La nutrición
Ha pasado de ser
una necesidad a convertirse en una religión. Por doquier pululan gurúes
expertos que vaticinan todo tipo de venturas a quienes sigan las reglas del equilibrio
energético y las tropecientas desventuras a quienes los ignoren. Se acabó la
permisividad de la gula, el pasaporte hacia el goce del buen yantar, el
delicioso paraíso de una mesa bien servida. Todo sea por la salud y la apolínea
forma. De modo que como lectura casi obligatoria todos los productos envasados
exhiben sobre los lomos de sus fundas la retahíla de aportaciones a las que te
verás sometido si decides caer en la tentación. Un dosier completo de bioquímica
a todas luces admonitorio sobre los males inminentes que acarreará la caída, la
derrota, la rendición, amenaza a quienes no sean portadores de un metabolismo
verdugo de toda acumulación de reservas. Poco importará si la genética se
empeña en hacer acto de presencia como alegato a los resultados finales. El
juicio está a punto de dictar su sentencia ante la mínima infracción de las
normas. El juez vigilante de la conciencia se encuentra ante el dilema de
mandar a tal o cual destino al reo que se atreva a saltarse las advertencias o
condonar duelos a quien las cumpla. La dieta, fiscal inmune a cualquier
recurso, dispondrá de todo tipo de argumentos para exhibir las consecuencias. Y
de nada servirá echar mano de menús ancestrales.
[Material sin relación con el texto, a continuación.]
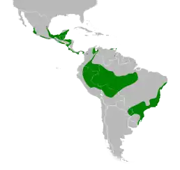 Вид поширепний в Центральній та Південній Америці від Мексики до Аргентини. Мешкає у нижньому ярусі вологих лісів і лісових узліссях, лісистих річкових берегах і зарослих просіках
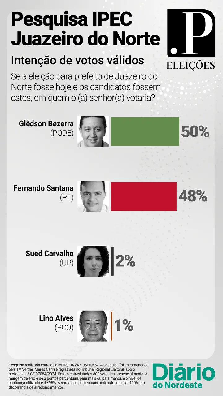 A terceira rodada da pesquisa Ipec para a disputa pela Prefeitura de Juazeiro do Norte divulgada, neste sábado (5), indica o candidato Glêdson Bezerra (Podemos) com 50% das intenções de votos válidos, seguido de Fernando Santana (PT) com 48%. Os dois estão tecnicamente empatados dentro da margem de erro.
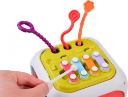 Joaca cu cubul dezvoltă natural motricitatea fină, îi învață pe copii să recunoască culorile și formele și susține gândirea logică. Datorită pieselor zornăitoare și texturilor variate, oferă o stimulare senzorială bogată și minute îndelungate de joacă concentrată.
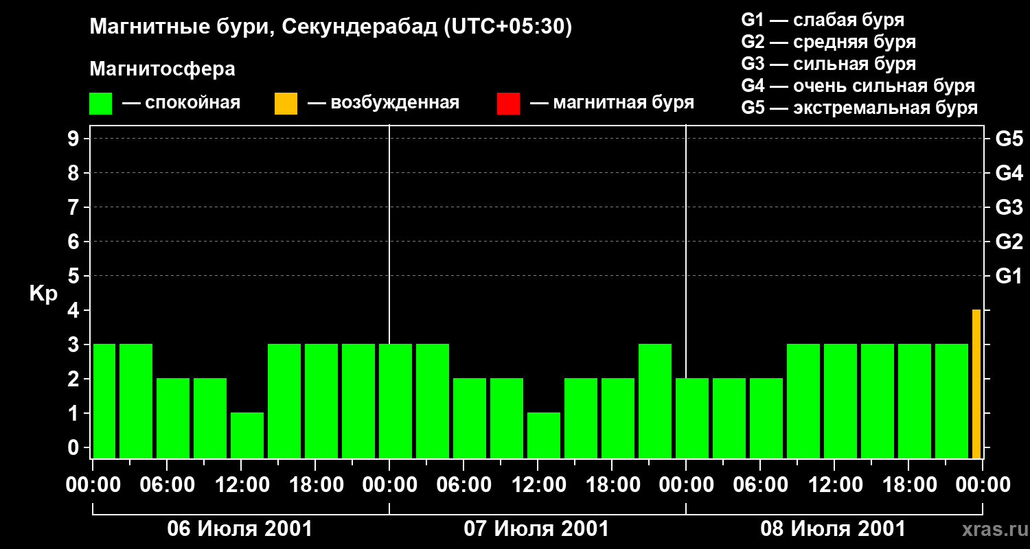 Магнитные бури в Секундерабаде — 8 июля 2001 года
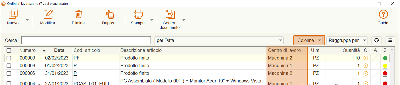 Nell’elenco degli ordini di lavorazione è possibile abilitare, tramite il menu colonne evidenziato nell'immagine qui sotto, la visualizzazione del centro di lavoro a cui è associato ogni ordine.
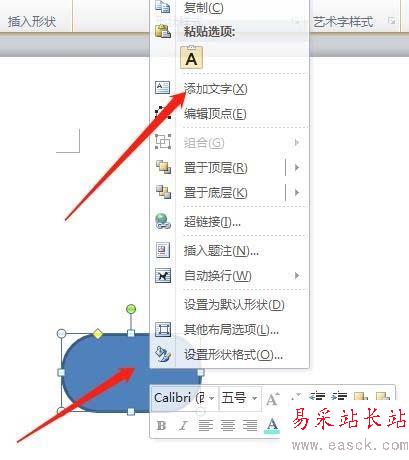 3、右擊圓角矩形,點擊添加文字,就可以在矩形框中輸入文字。
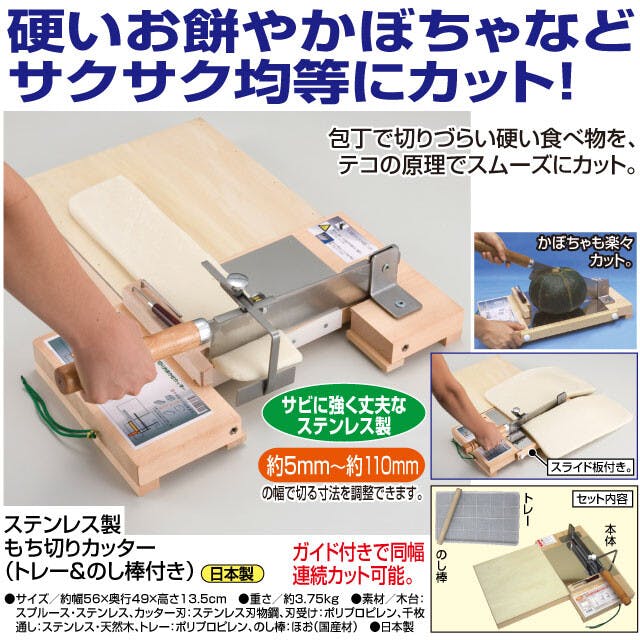硬いお餅やかぼちゃなどサクサク均等にカット! ●包丁で切りづらい硬い食べ物を、テコの原理でスムーズにカット。 ●サビに強く丈夫なステンレス製 ●約5mm~約110mmの幅で切る寸法を調整できます。 ●ガイド付きで同幅連続カット可能。 [写真の説明] (1枚目)イメージ画像 (2枚目)かぼちゃも楽々カット。 (3枚目)スライド板付き。 (4枚目)セット内容(トレー、のし棒) (5枚目)商品画像(本体) (6枚目)商品説明

La moda mandará y de cuando en
cuando dará la vuelta. Volverá a adorarse aquello que se repudiaba y vuelta a
empezar. La cuestión es marear la perdiz para que los perdigones no sepamos
bien qué camino seguir. Así que propongo la apropiación del lema wildeano y
dejar que las tentaciones se adueñen de nuestro paladar. Ya vendrá el virus
adecuado a hacernos constar los excesos y quizás la gastroenteritis tome
cumplida venganza. Habrá merecido la pena. Puede que el contrapeso más adecuado
sea el desgaste de lo demás ingerido y entonces tendremos la oportunidad de
vengarnos de todo aquello que supusimos dañino para nuestra salud. Con un poco
de suerte resistiremos los embates de un inminente infarto que nos aguarda al
sobrepasarnos las vueltas. Podremos tener la conciencia tranquila. Habremos cumplido fielmente con la norma que reclamaba
una vida hipersana y repetiremos a modo de mantra la lista de aportes que todo producto
lleva en sí. Sin duda, con un poco de
suerte, si el estrés no nos liquida antes, viviremos más tiempo. Si los años
añadidos son más tristes o no, casi mejor no lo pensemos. Seguro que
sobrepasados ampliamente ya ni nos acordamos del sabor pecaminoso que se nos
ofrecía y que a disgusto decidimos rechazar. Si no somos capaces de recordarlo,
poco importará, ni a nosotros, ni a nuestros cercanos. Me está llegando el
recuerdo de La
Grande Bouffe y desde luego merece la
pena plantearse un final parecido.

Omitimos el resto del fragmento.